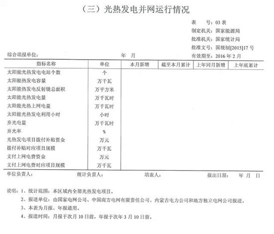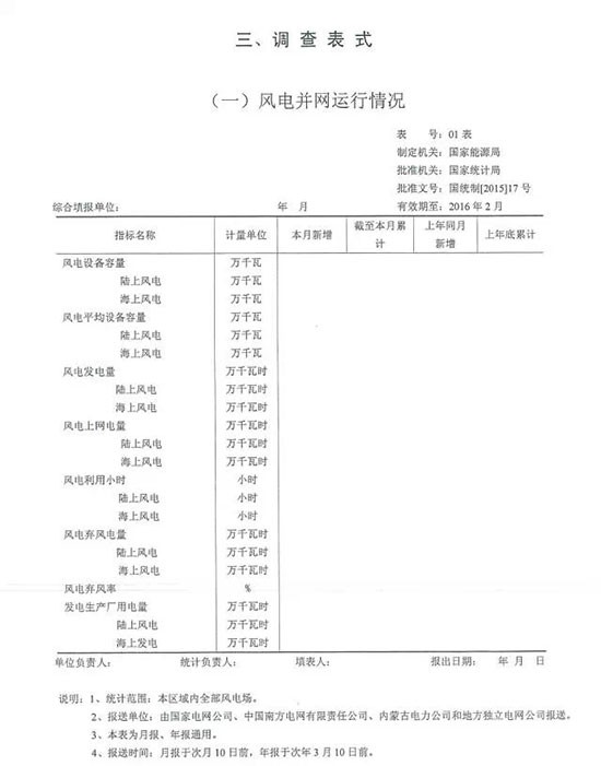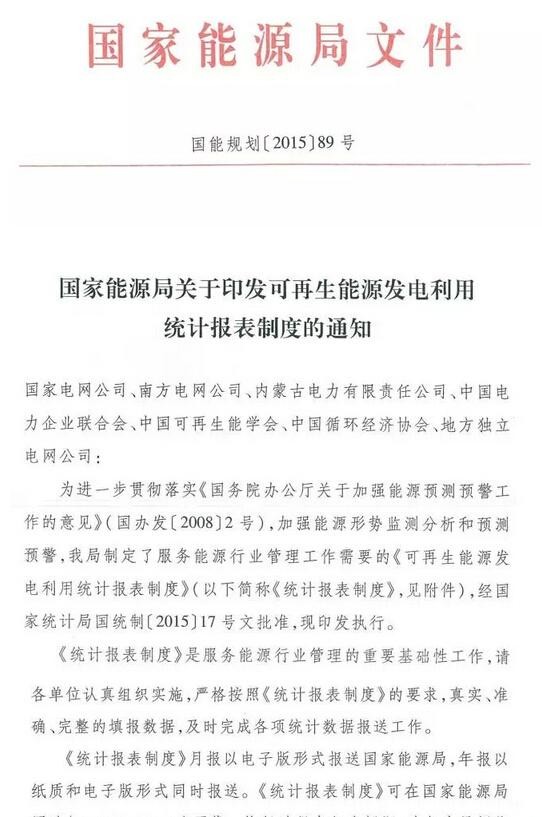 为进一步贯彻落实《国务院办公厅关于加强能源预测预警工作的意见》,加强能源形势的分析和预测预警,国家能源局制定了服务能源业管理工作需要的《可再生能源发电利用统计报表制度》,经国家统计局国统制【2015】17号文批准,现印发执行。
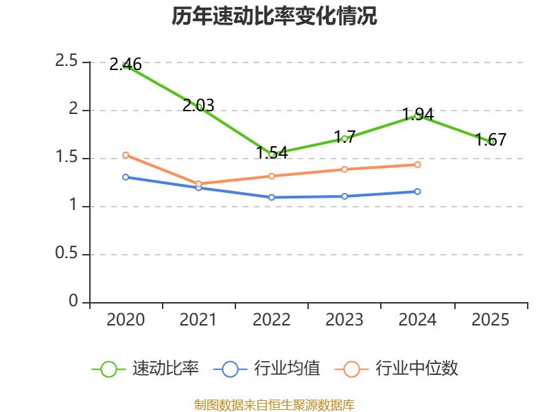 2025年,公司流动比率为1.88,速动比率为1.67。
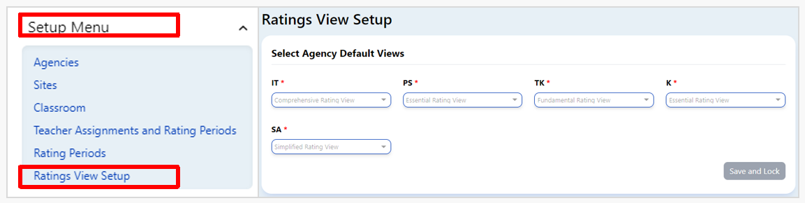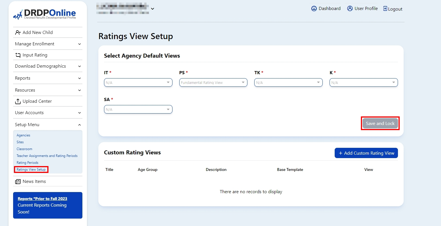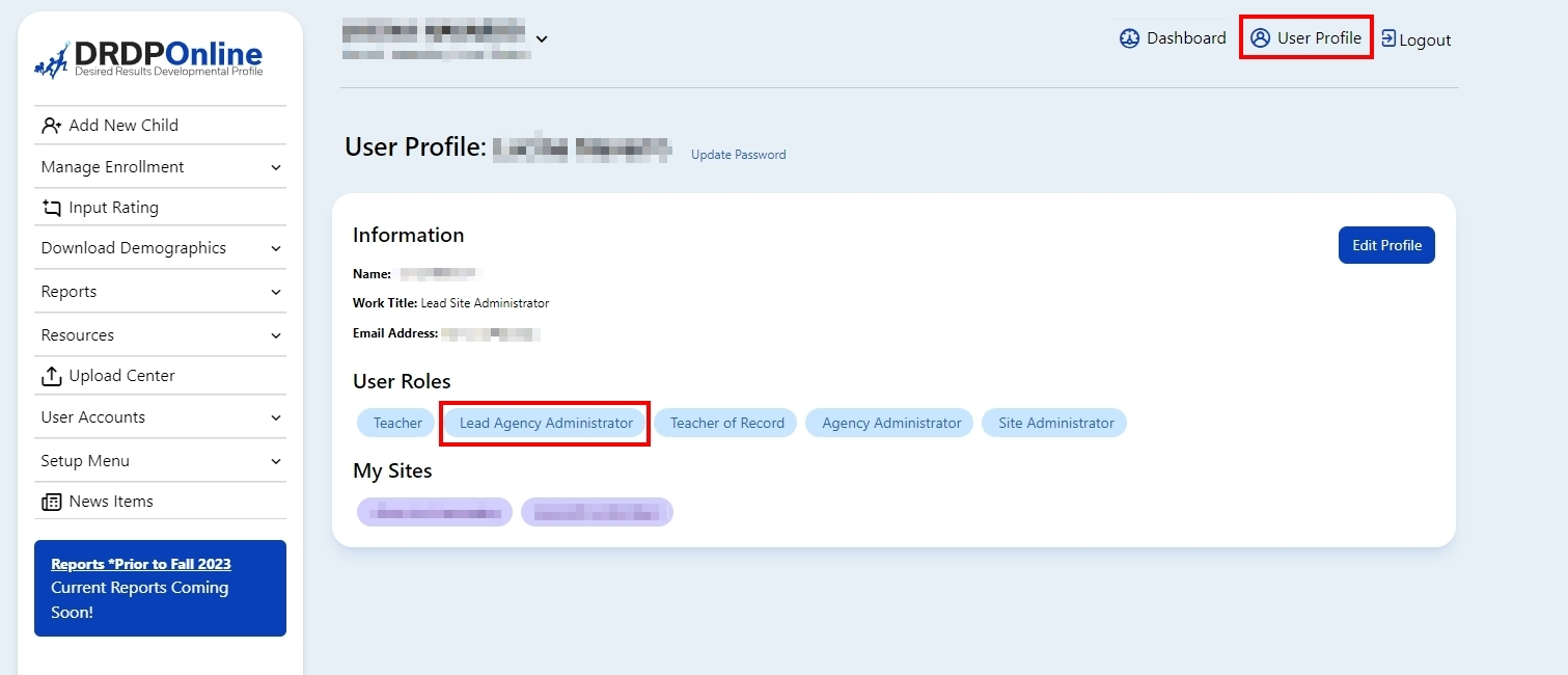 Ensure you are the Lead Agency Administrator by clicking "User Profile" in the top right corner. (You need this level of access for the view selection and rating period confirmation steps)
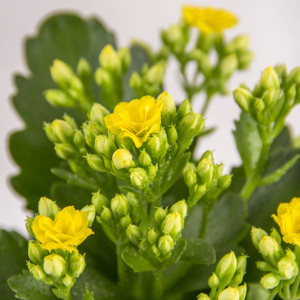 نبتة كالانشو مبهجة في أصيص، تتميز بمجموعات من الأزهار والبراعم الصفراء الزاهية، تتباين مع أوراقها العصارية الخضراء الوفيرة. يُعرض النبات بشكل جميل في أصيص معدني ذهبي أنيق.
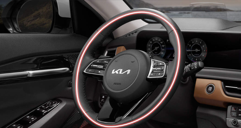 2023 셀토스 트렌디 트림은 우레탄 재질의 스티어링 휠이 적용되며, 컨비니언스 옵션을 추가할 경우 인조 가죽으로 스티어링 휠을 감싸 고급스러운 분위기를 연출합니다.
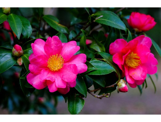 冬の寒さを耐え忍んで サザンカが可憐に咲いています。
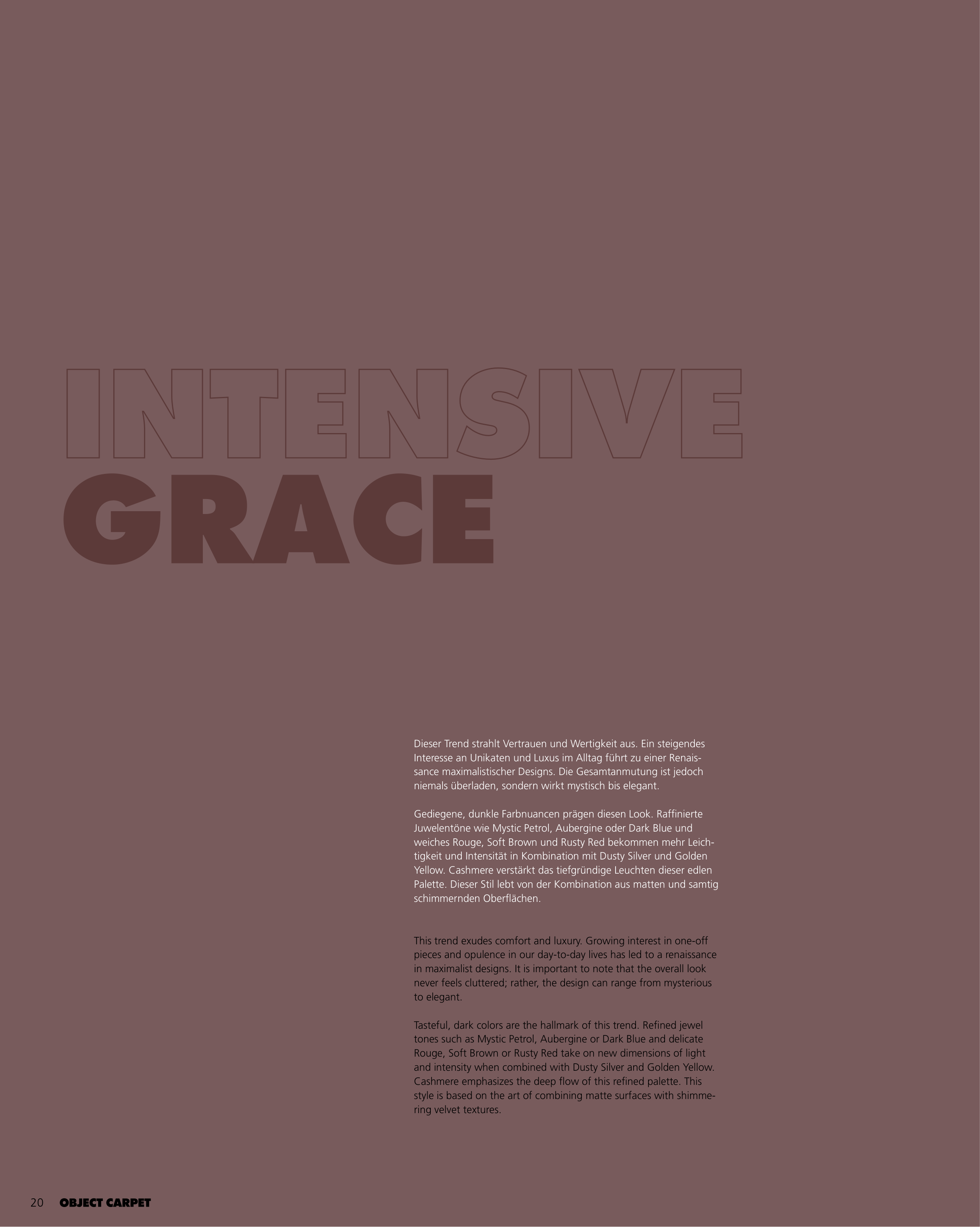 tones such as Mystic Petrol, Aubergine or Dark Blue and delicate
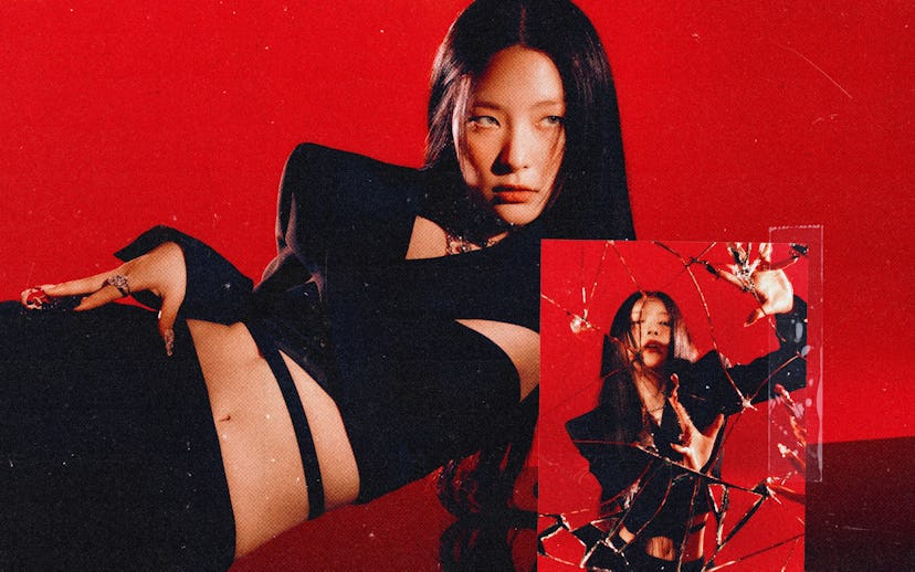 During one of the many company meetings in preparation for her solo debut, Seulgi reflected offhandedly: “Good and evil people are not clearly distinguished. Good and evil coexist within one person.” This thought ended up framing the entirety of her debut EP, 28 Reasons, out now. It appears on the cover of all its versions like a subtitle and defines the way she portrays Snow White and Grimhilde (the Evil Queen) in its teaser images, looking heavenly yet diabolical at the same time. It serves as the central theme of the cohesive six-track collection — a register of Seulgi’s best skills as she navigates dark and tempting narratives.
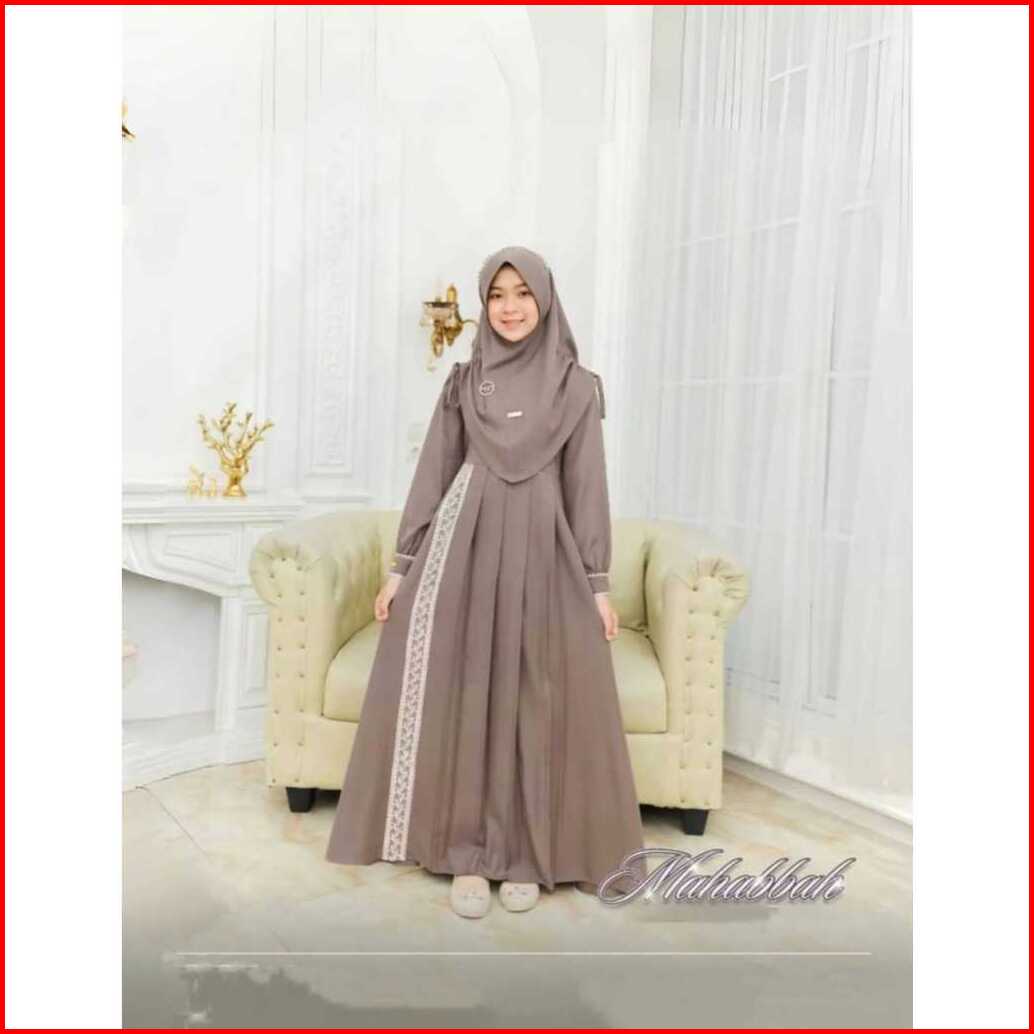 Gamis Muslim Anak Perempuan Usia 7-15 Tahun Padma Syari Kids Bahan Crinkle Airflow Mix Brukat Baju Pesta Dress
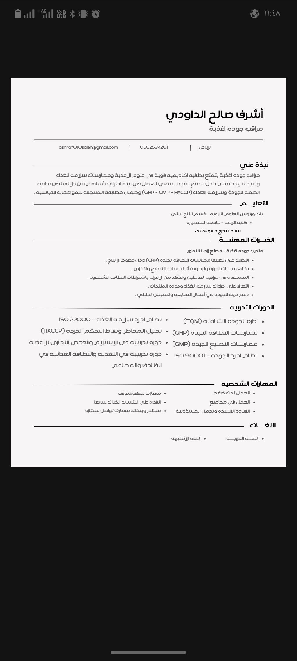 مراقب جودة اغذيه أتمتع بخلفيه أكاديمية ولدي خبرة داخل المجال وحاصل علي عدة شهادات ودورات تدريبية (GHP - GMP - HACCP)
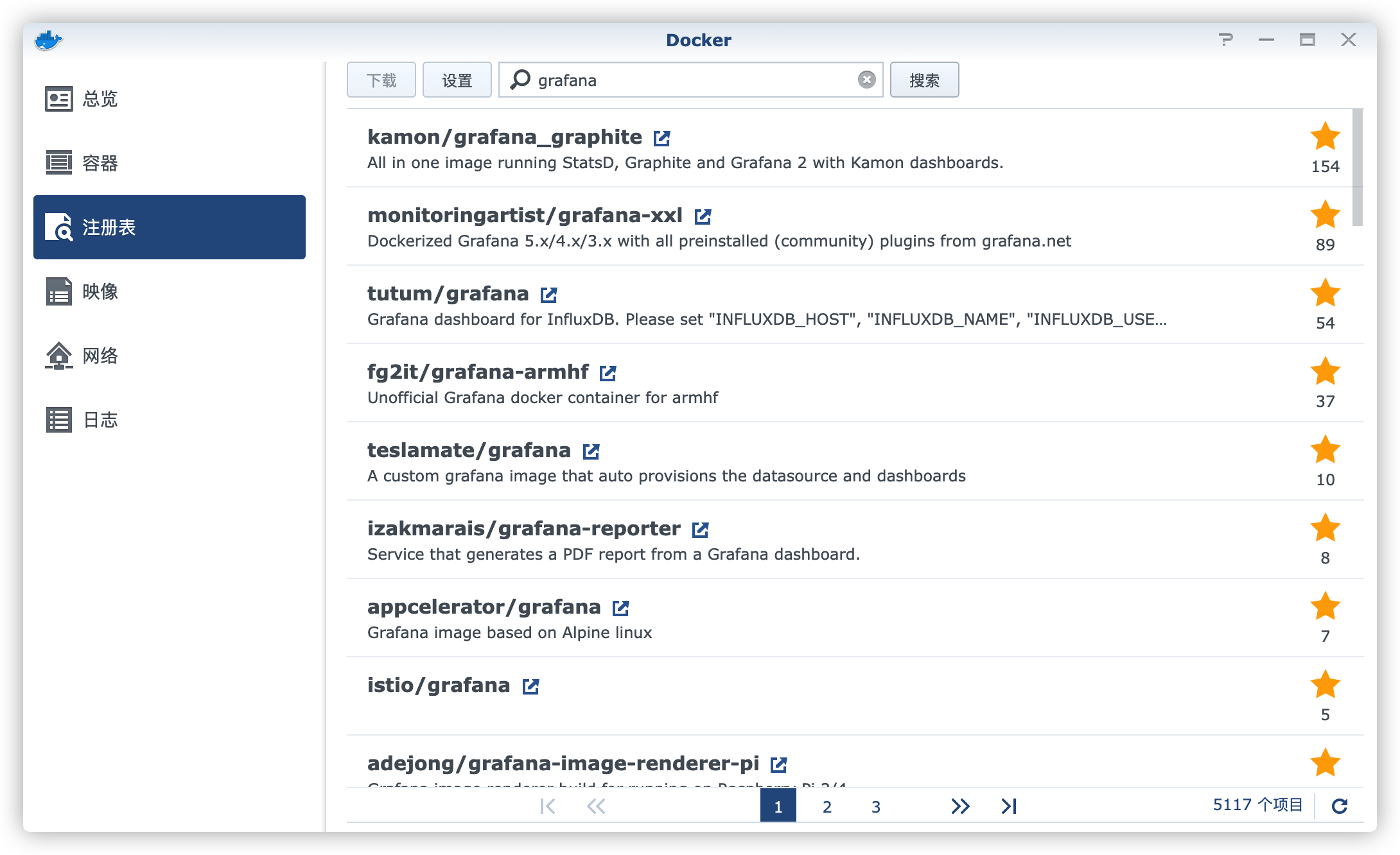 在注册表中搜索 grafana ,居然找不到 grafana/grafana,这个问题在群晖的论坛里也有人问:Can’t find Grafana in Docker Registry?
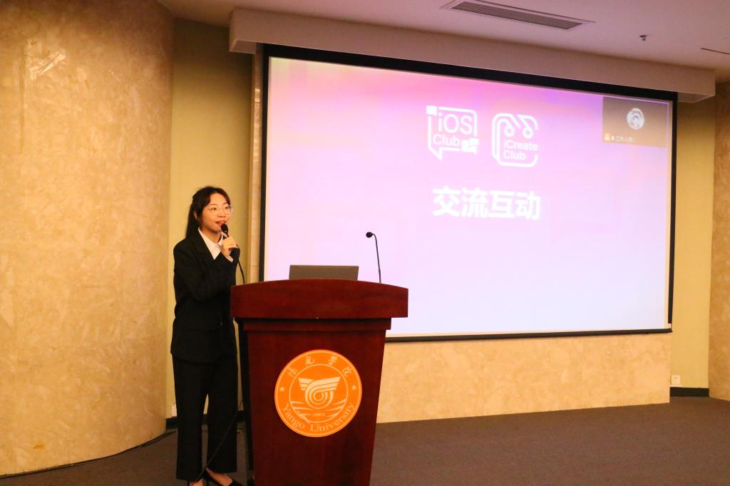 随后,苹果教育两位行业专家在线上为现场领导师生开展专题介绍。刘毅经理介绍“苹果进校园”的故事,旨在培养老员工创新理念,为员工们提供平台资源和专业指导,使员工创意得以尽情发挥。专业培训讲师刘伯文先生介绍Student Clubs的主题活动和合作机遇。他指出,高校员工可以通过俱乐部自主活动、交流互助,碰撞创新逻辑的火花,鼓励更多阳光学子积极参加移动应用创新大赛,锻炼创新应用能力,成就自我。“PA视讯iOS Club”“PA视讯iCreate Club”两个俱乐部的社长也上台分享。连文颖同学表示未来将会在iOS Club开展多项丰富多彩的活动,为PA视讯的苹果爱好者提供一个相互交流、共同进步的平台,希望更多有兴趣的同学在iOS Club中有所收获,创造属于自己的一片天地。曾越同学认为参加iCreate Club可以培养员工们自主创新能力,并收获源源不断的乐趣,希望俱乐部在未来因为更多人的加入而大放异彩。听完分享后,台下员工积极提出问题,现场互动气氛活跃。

+===+

[What the exercise asks]:
Could the entries above be printed again exactly, apart from the pictures?

[Result of the task]:
 为进一步贯彻落实《国务院办公厅关于加强能源预测预警工作的意见》,加强能源形势的分析和预测预警,国家能源局制定了服务能源业管理工作需要的《可再生能源发电利用统计报表制度》,经国家统计局国统制【2015】17号文批准,现印发执行。
 2025年,公司流动比率为1.88,速动比率为1.67。
 Ensure you are the Lead Agency Administrator by clicking "User Profile" in the top right corner. (You need this level of access for the view selection and rating period confirmation steps)
 نبتة كالانشو مبهجة في أصيص، تتميز بمجموعات من الأزهار والبراعم الصفراء الزاهية، تتباين مع أوراقها العصارية الخضراء الوفيرة. يُعرض النبات بشكل جميل في أصيص معدني ذهبي أنيق.
 2023 셀토스 트렌디 트림은 우레탄 재질의 스티어링 휠이 적용되며, 컨비니언스 옵션을 추가할 경우 인조 가죽으로 스티어링 휠을 감싸 고급스러운 분위기를 연출합니다.
 冬の寒さを耐え忍んで サザンカが可憐に咲いています。
 tones such as Mystic Petrol, Aubergine or Dark Blue and delicate
 During one of the many company meetings in preparation for her solo debut, Seulgi reflected offhandedly: “Good and evil people are not clearly distinguished. Good and evil coexist within one person.” This thought ended up framing the entirety of her debut EP, 28 Reasons, out now. It appears on the cover of all its versions like a subtitle and defines the way she portrays Snow White and Grimhilde (the Evil Queen) in its teaser images, looking heavenly yet diabolical at the same time. It serves as the central theme of the cohesive six-track collection — a register of Seulgi’s best skills as she navigates dark and tempting narratives.
 Gamis Muslim Anak Perempuan Usia 7-15 Tahun Padma Syari Kids Bahan Crinkle Airflow Mix Brukat Baju Pesta Dress
 مراقب جودة اغذيه أتمتع بخلفيه أكاديمية ولدي خبرة داخل المجال وحاصل علي عدة شهادات ودورات تدريبية (GHP - GMP - HACCP)
 在注册表中搜索 grafana ,居然找不到 grafana/grafana,这个问题在群晖的论坛里也有人问:Can’t find Grafana in Docker Registry?
 随后,苹果教育两位行业专家在线上为现场领导师生开展专题介绍。刘毅经理介绍“苹果进校园”的故事,旨在培养老员工创新理念,为员工们提供平台资源和专业指导,使员工创意得以尽情发挥。专业培训讲师刘伯文先生介绍Student Clubs的主题活动和合作机遇。他指出,高校员工可以通过俱乐部自主活动、交流互助,碰撞创新逻辑的火花,鼓励更多阳光学子积极参加移动应用创新大赛,锻炼创新应用能力,成就自我。“PA视讯iOS Club”“PA视讯iCreate Club”两个俱乐部的社长也上台分享。连文颖同学表示未来将会在iOS Club开展多项丰富多彩的活动,为PA视讯的苹果爱好者提供一个相互交流、共同进步的平台,希望更多有兴趣的同学在iOS Club中有所收获,创造属于自己的一片天地。曾越同学认为参加iCreate Club可以培养员工们自主创新能力,并收获源源不断的乐趣,希望俱乐部在未来因为更多人的加入而大放异彩。听完分享后,台下员工积极提出问题,现场互动气氛活跃。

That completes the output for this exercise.